New Jersey Senator Cory Booker (D) is a telegenic, likable, and media-celebrated candidate. He's also struggling in the polls in an election race that, on paper, he should be running away with. That said, the liberal media this year have largely failed to cover Booker's campaign or the federal investigation into shady dealings under Booker's watch when he was Newark mayor.

So that's why we must give kudos to Olivia Nuzzi, who explains "The Ugly Truth About Cory Booker, New Jersey’s Golden Boy" in an October 20 article for the Daily Beast, noting how potentially-criminal ethical lapses from his mayoralty of the city of Newark may be hurting him (emphasis mine): 

...Booker is actually having to put up a fight to be more than just a congressional seat-warmer.

The alleged FBI and U.S. Attorney investigations into the Newark Watershed may have something to do with that. Months after he first entered the Senate, the New Jersey comptroller alleged that under Booker’s watch—or, more likely, because he was not watching—corruption ran rampant at a publicly funded water-treatment and reservoir-management agency, where Booker’s former law partner served as counsel. And speaking of his former law career: Despite having resigned from his law firm once entering the mayor’s office, Booker received annual payments until 2011, during which time the firm was profiting handsomely off of Brick City. That would be the Brick City that Booker professed to love with the fire of a thousand suns, but did little to fundamentally change. Murder, violent crime, unemployment, and taxes all rose dramatically under his stewardship.

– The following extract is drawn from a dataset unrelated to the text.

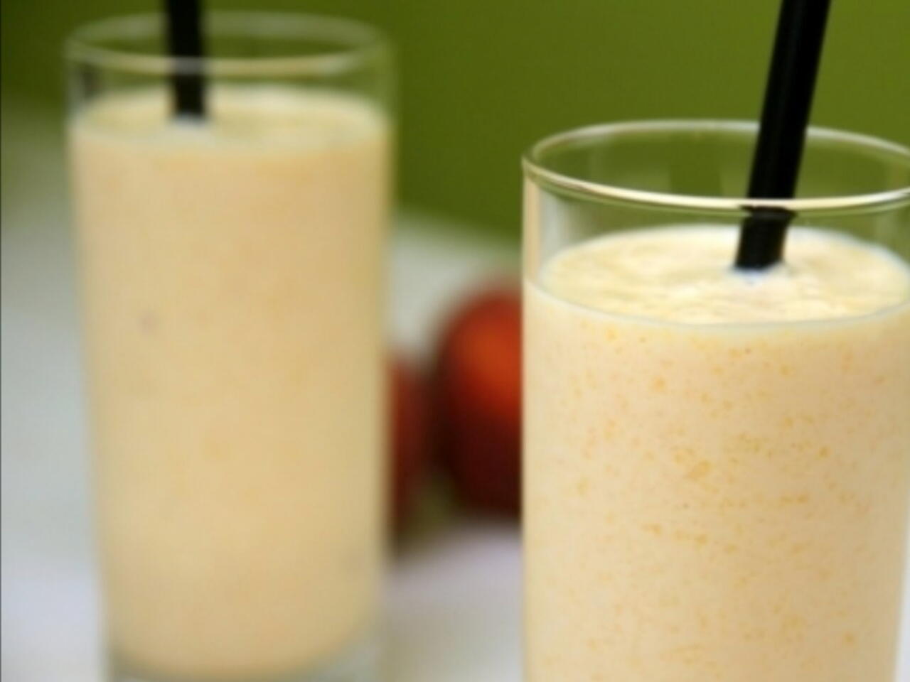 Namoczone płatki zmiksować z brzoskwinią, obranym bananem, sokiem i jogurtem.

So even though it seems plausible that [Republican challenger Jeff] Bell is a Democratic plant sent to further weaken the Republican Party in New Jersey, Booker—celebrity, super hero, motivational tweeter—is barely polling above 50 percent.

[...]

[As Newark mayor] Booker made himself available to his constituents—through social media, by phone, on the street late at night—and when they sounded the Booker-signal, he would personally address their problems. Cat in the tree? He would get it down. Car stuck in the snow? He would shovel you out. Dog freezing to death outside somewhere? He would warm it up. Natural disaster ruined Halloween for your kids? He would give them candy. Dying in a fire? He would carry you to safety.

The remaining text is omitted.